No red line may be drawn between a citizen and his solicitous state, which is why we are now debating whether it is proper for the state to order predatory businesses to allow men who want to be women to use women’s bathrooms. Progressives in Connecticut have protectively leapt aboard this new bandwagon, arguing that forbidding a transgender man-to-woman, or a man who fancies dressing up in women’s clothing, from bursting in upon women in public powder rooms is on a par with forbidding African Americans from being seated in public lunch counters and busses along with white folk. One can only wonder what the Rev.  Martin Luther King Jr. might have made of that proposition.

Connecticut has been for the past few years a vanguard progressive state. It provides sanctuary to illegal aliens, college educations to some of its convicted criminals, and its governor has proudly marched with union strikers, some craven few would say, to garner union votes during elections. Such was the case before Governor Malloy very recently detected retrograde conservative tendencies in his approach to governance. “Who is the most conservative governor that any of you have worked with in the last whatever period of time you’ve been here?” Mr. Malloy recently asked Connecticut’s media. The media, dumbfounded, could make no answer.

Mr. Malloy’s messaging is purposely confusing. Is his government fish or fowl, progressive or conservative? It cannot be both.

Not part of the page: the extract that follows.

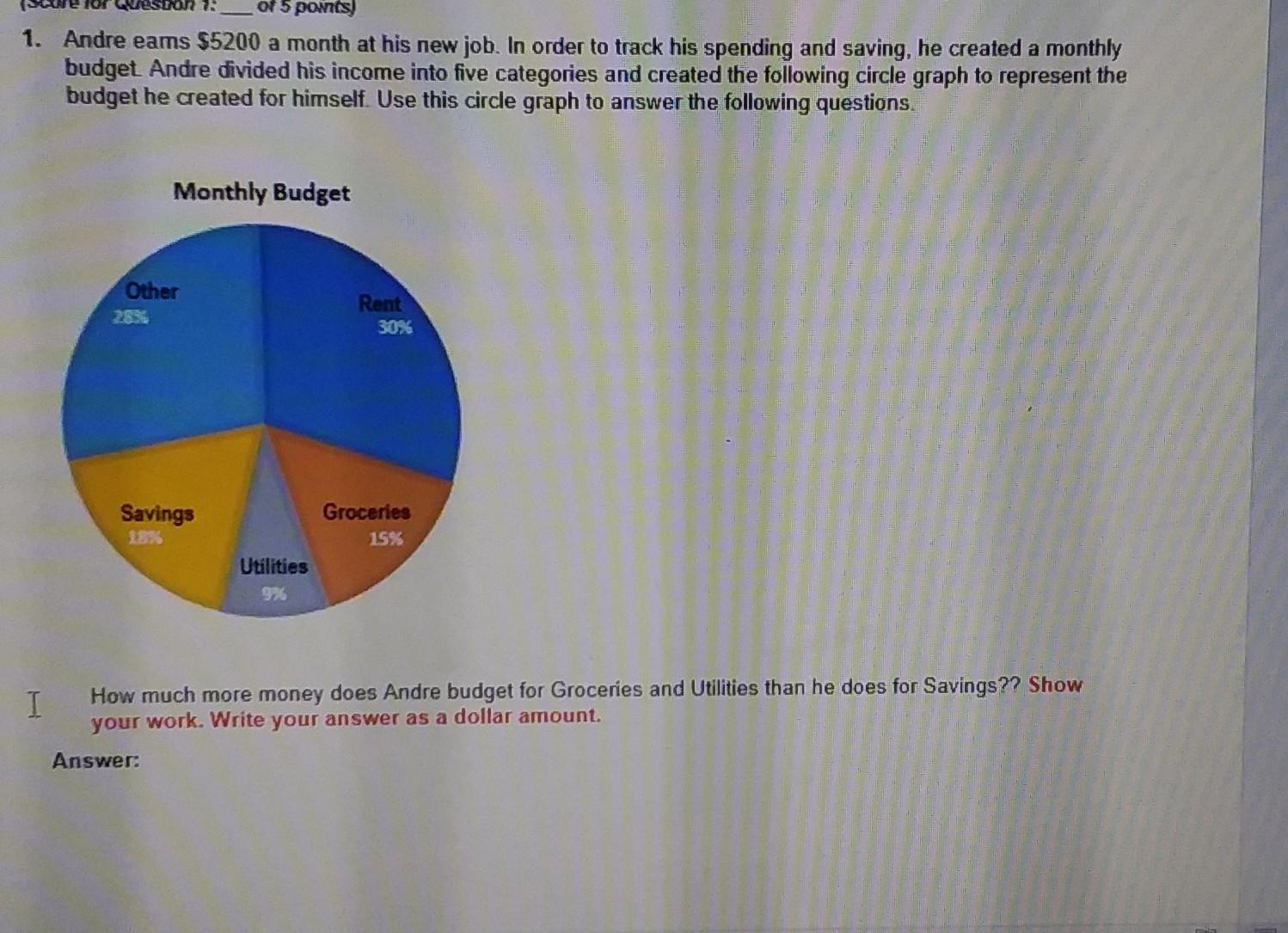Andre budgets 312 dollars more for Groceries and Utilities than for savings.

Mr. Malloy is quoted most recently in Politico to this effect in defense of sanctuary cities: “I am not a shy individual; I have opinions, and as long as people ask my opinion I will lend it.” No kidding.

And he continues, “There are these states that are progressive that have benefited from that progressiveness, that are going to be examples of restraint and voices of responsibility. I would urge right-thinking individuals who’ve benefited from the advances our society has made to not be quiet. We’re going to continue to do the things we can do, and the things we can afford to do. We’re certainly not going to backtrack on refugees. We’re certainly not going to backtrack on gay, lesbian, transgender rights. We’re certainly not going to give up on making sure our citizens have healthcare."

Sure, sure. Progressivism is the opposite of a doctrine of governmental restraint, and progressives in Mr. Malloy’s administration have been boisterously progressive, in word and deed. Connecticut is suffering from progressive overreach, the corrective for which is a large dose of conservatism or, as President Calvin Coolidge might have insisted, a return to economic and social traditional and normality. That is the message that was delivered by voters during the late lamented national elections. This unsatisfied longing for normalcy very well may deliver the political heights in Connecticut to Republicans in the near future. To be sure, Donald Trump, infested with some dangerous conservative tendencies, is no “silent Cal,” but neither is Mr. Malloy.

Don Pesci is a Vernon, Conn.-based political writer.